Scott: In other words, certain projects broadly adopt tools and techniques to raise quality as part of their culture. Those measures might include static analysis, unit testing, and maybe other things.
Andy: And they see static analysis as a useful technique that can address some of the gaps left by other techniques, in terms of achieving coverage of all of the code without necessarily having test cases that cover everything or missing things that a developer might overlook.
Static analysis is good at looking at all of the different paths in the software, which people are not so good at.
Still, it’s been very difficult to get companies and open source adopters to really incorporate static analysis deeply into their daily workflows. We have found that, if you incorporate testing for defects into a nightly build process, for example, it really helps.
In that scenario, the developers are talking about defects that are fresh and about code that they just wrote, which really brings up the relevance level. Even for commercial software development, that matters quite a lot.
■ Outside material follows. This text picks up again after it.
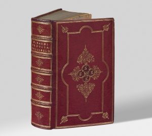 In-12 (127 x 72 mm), maroquin rouge, double filet doré, encadrement intérieur aux côtés lobés orné de fleurons aux angles, médaillon quadrilobé mosaïqué en maroquin grenat au centre des plats, frappé d'un chiffre et de quatre fermesses dorés et bordé de quatre gerbes de petits fers dorés, dos orné de caissons au double filet et de fleurons au pointillé, filet pointillé sur les coupes, dentelle intérieure dorée, tranches dorées (Macé Ruette).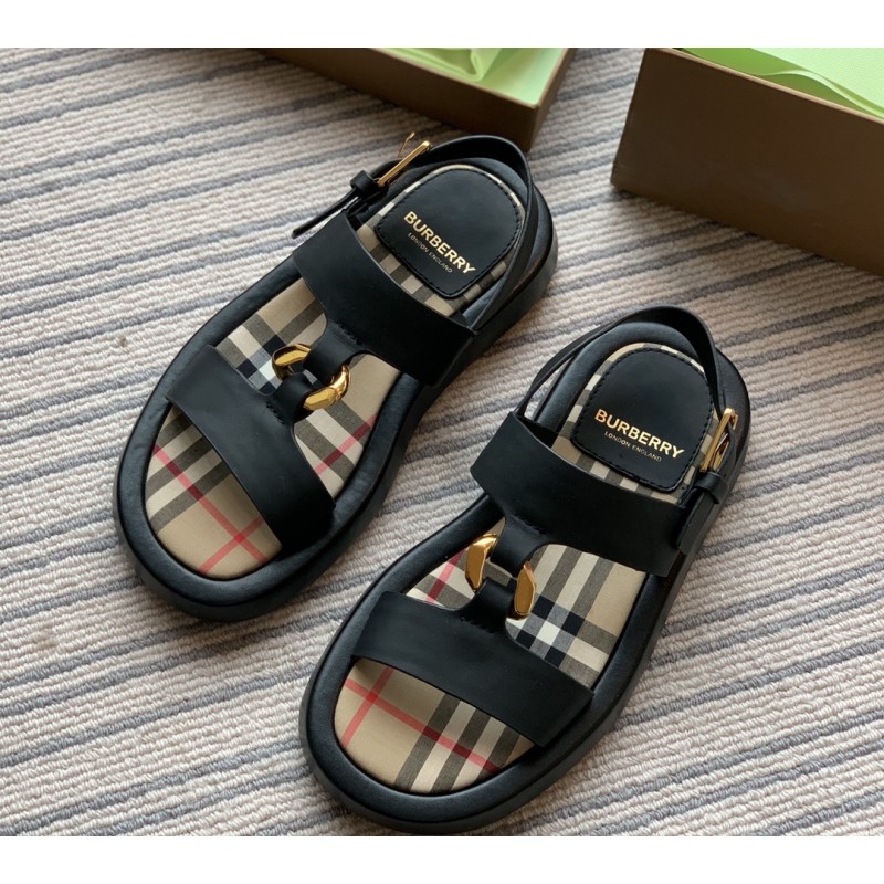 • [152] 버버리 레더 체인 디테일 버클 플랫 샌들 블랙 burberry

For a lot of companies that use our software, although not all, they see the initial set of defects that come out of the tool and they say, “Well, it’s too much work to fix all of those right away, so we’ll baseline that and fix everything that comes in new after today.”
Scott: That makes sense. Like you said, if they’re running it over a million or ten million lines of code, and thousands and thousands of defects come out, they might say, “Well, the software works today, and we’re not getting a lot of complaints about the quality, but we want to continue to raise the bar.”
It also seems like a pretty good educational tool. You check your code in before you go home at night, and in the morning, there are some defects waiting for you. That could very quickly help you change your own development practices to avoid defects.
Andy: We recently published a paper “A Few Billion Lines of Code Later: Using Static Analysis to Find Bugs in the Real World” in the Communications of the ACM that described some of the lessons we’ve learned over the past few years in terms of making static analysis work in a commercial setting.
One of the continuing lessons we’ve learned is that incorporating a new technology like static analysis into real, commercial software development really requires you to understand how people work and some of the complexities of their environment.
One example is that in our forthcoming Coverity 5 version, there’s going to be support for multiple code branches and identifying defects in shared code, which I think almost every software development shop has. They have a release version, a development version, perhaps a branch where they’re doing advanced work, and perhaps branches for customers that have special sets of requirements.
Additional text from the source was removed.